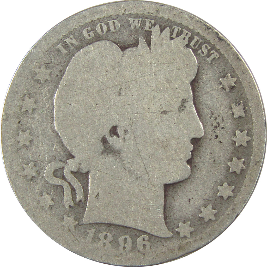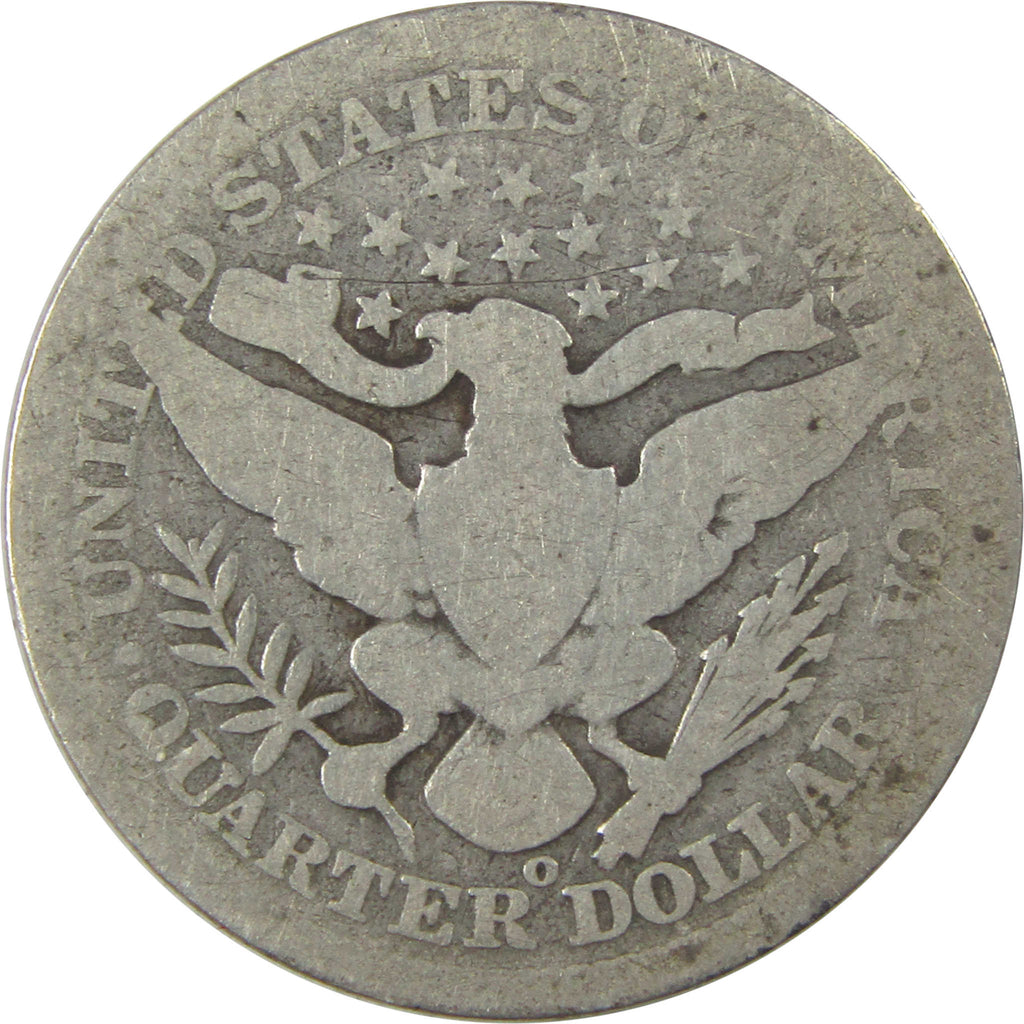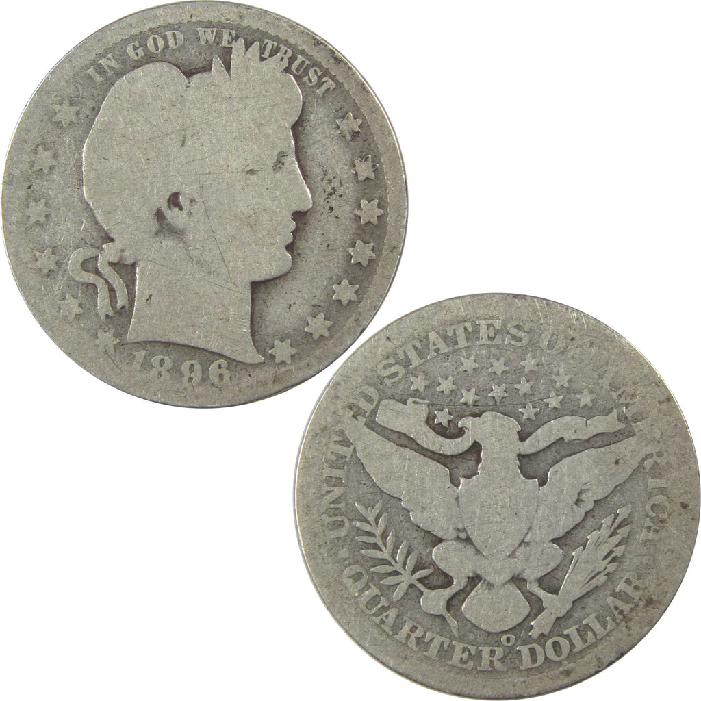 A genuine 1896 O Barber Silver Quarter Coin, in AG About Good Condition. Contains 90% Silver
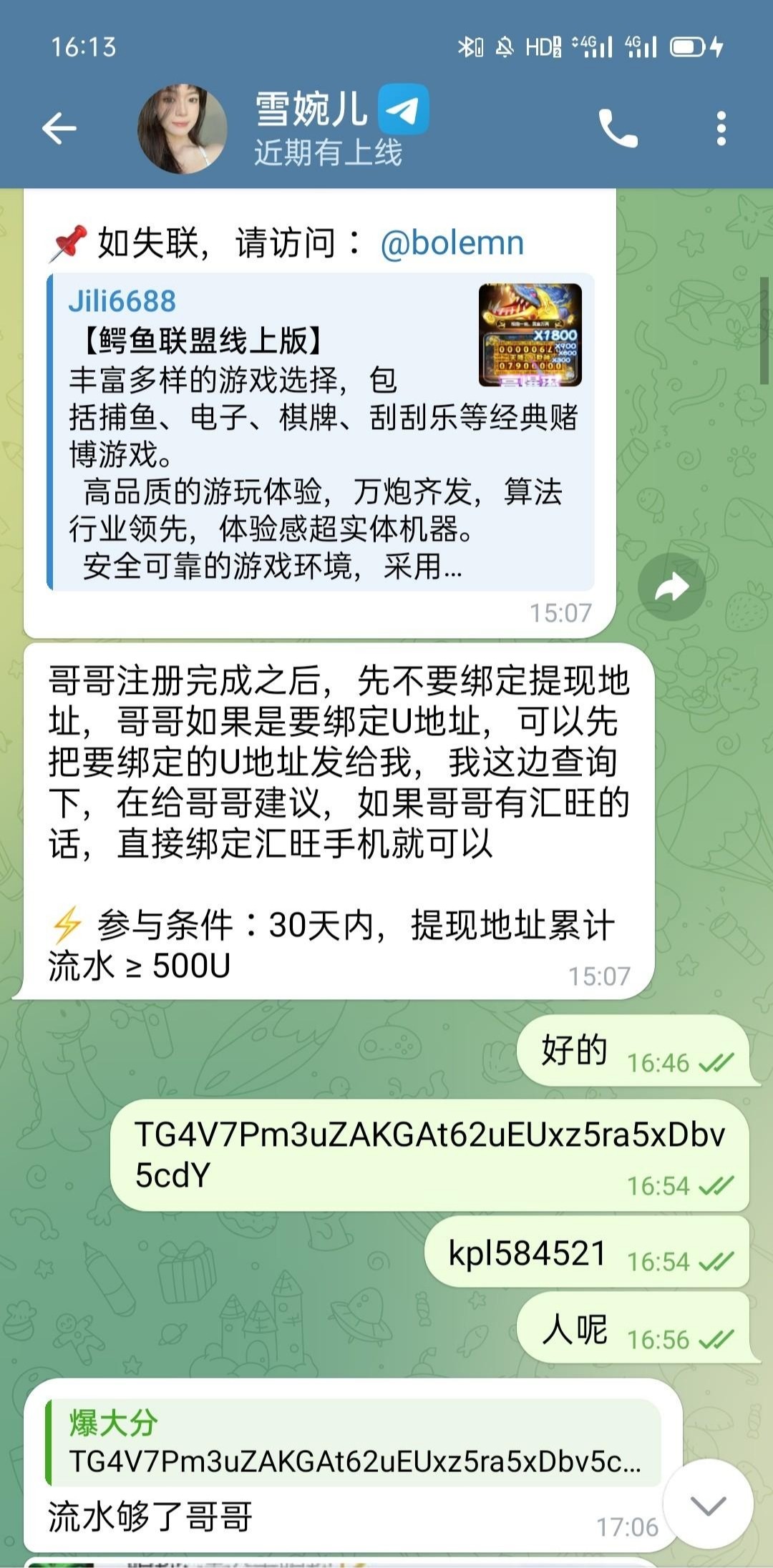 随便找个流水好的u地址给客服查,符合在绑自己的地址,我就是这样申请的!今天没名额可以第二天试试。
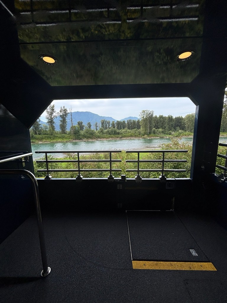 Embarking after a couple of days in the mountain town of Jasper, the adventure began with the Rocky Mountaineer team picking us up from our hotel for the very short transfer down to the station to board the train. No need to check in early, the team brought our boarding passes and issued them upon collection from our hotel which was the Jasper Inn and Suites. Once our bags were tagged, we boarded the coach and we were on our way.
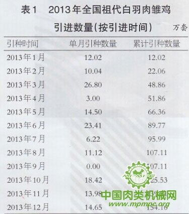 2013年,我国有15家企业从国外引进了祖代白羽肉雏鸡(见图1)。从地域分布来看,以北方为主,分布是:北京3家,吉林、山东、辽宁各2家,河北、福建、河南、黑龙江、江苏、安徽各1家。
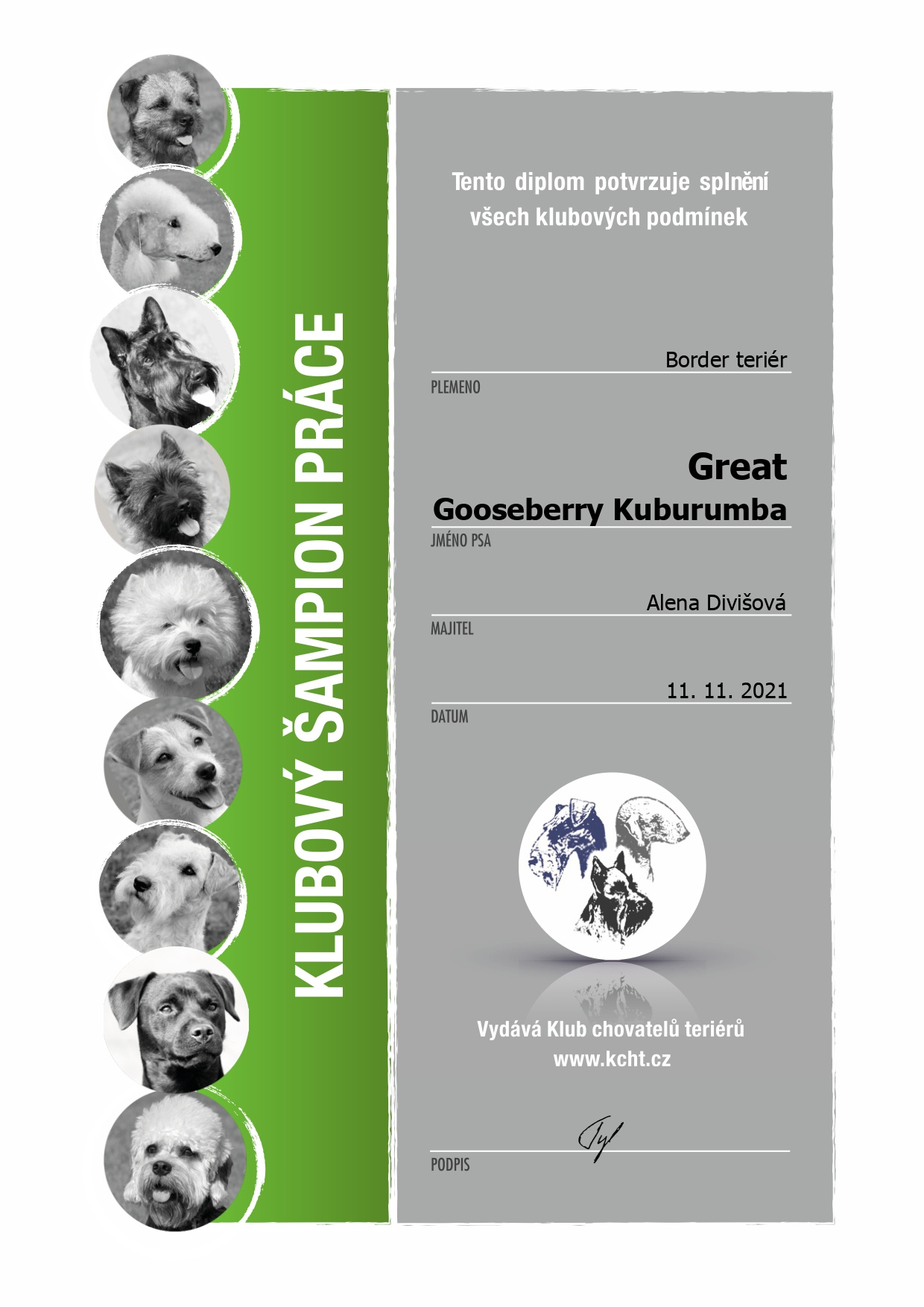 | 31.12.2025 | Nejlepší teriér KCHT/CZ | Krása | 5. místo /35 b. | |
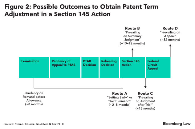 As shown in Figure 2 below, applying the patent term adjustment framework of section 154(b)(1)(C) to the likely timeline of a section 145 action, provides several opportunities to obtain positive term adjustment.
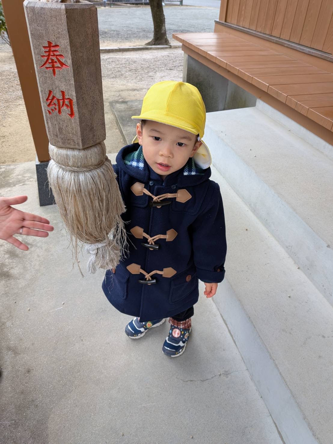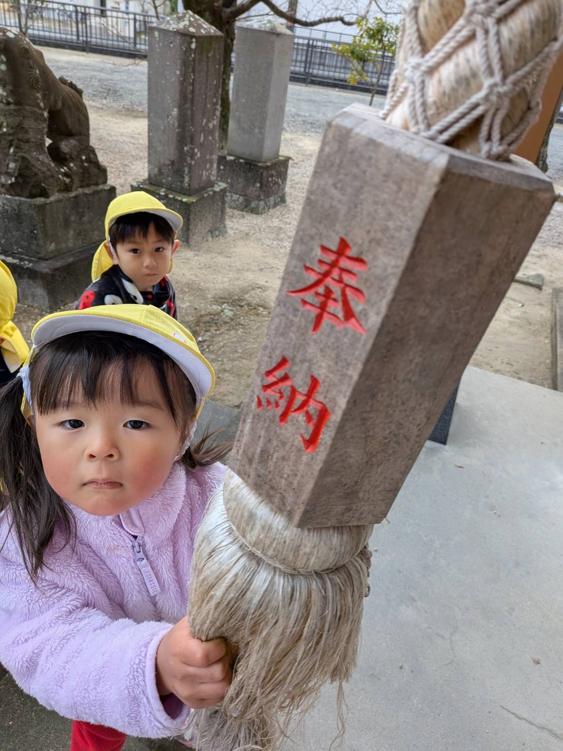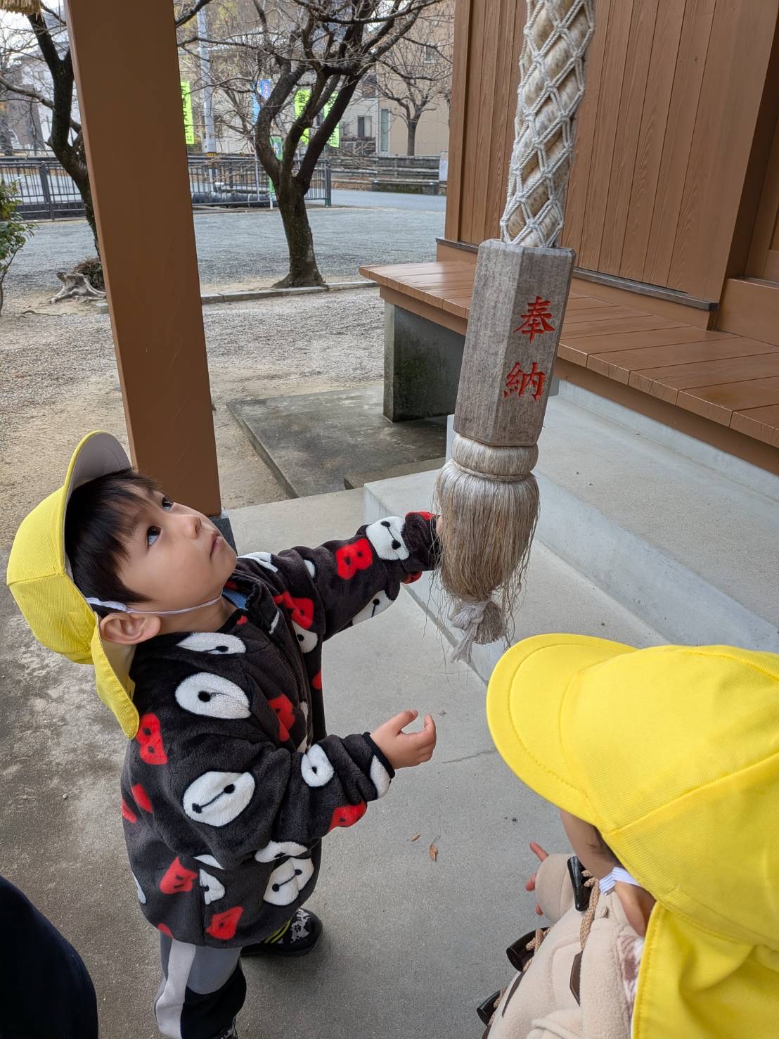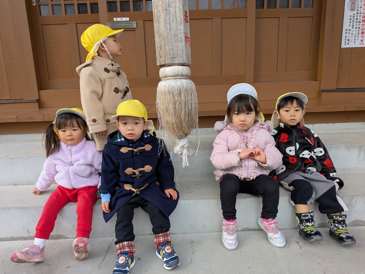 • 2歳児さんは、近くの神社に初詣に行きました。
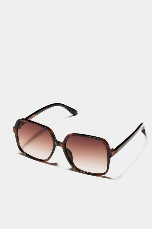 Ylisuuret aurinkolasit, joiden nelikulmainen muotoilu viittaa 1970-tyyliin. Aurinkolaseissa on ruskeat sävytetyt linssit ja kapeat kehykset, joissa on ruskea kilpikonnakuvio.
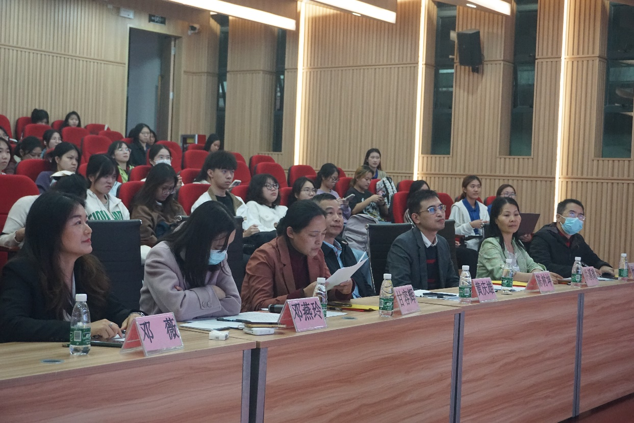 其后,邓燕玲老师对比赛进行了点评:夸赞了选手的专业素养和强大的心理素质,为选手指明了改进的方向,选手和观众都受益匪浅。之后,老师们为获奖选手颁奖,现场掌声热烈。最后,由黄庆雄书记进行闭幕式致辞:勉励学子培养与提高专业能力,继续以全力以赴的精神争取更大的胜利。本次口译比赛圆满落幕。

────────────────────

* **WHAT NEEDS TO BE DONE**
Write out, exactly and with nothing added, every line from the one that holds "2013年,我国有15家企业" to the end of the entries above; pictures stay out.

* **OUTPUT BELOW**
 2013年,我国有15家企业从国外引进了祖代白羽肉雏鸡(见图1)。从地域分布来看,以北方为主,分布是:北京3家,吉林、山东、辽宁各2家,河北、福建、河南、黑龙江、江苏、安徽各1家。
 | 31.12.2025 | Nejlepší teriér KCHT/CZ | Krása | 5. místo /35 b. | |
 As shown in Figure 2 below, applying the patent term adjustment framework of section 154(b)(1)(C) to the likely timeline of a section 145 action, provides several opportunities to obtain positive term adjustment.
 • 2歳児さんは、近くの神社に初詣に行きました。
 Ylisuuret aurinkolasit, joiden nelikulmainen muotoilu viittaa 1970-tyyliin. Aurinkolaseissa on ruskeat sävytetyt linssit ja kapeat kehykset, joissa on ruskea kilpikonnakuvio.
 其后,邓燕玲老师对比赛进行了点评:夸赞了选手的专业素养和强大的心理素质,为选手指明了改进的方向,选手和观众都受益匪浅。之后,老师们为获奖选手颁奖,现场掌声热烈。最后,由黄庆雄书记进行闭幕式致辞:勉励学子培养与提高专业能力,继续以全力以赴的精神争取更大的胜利。本次口译比赛圆满落幕。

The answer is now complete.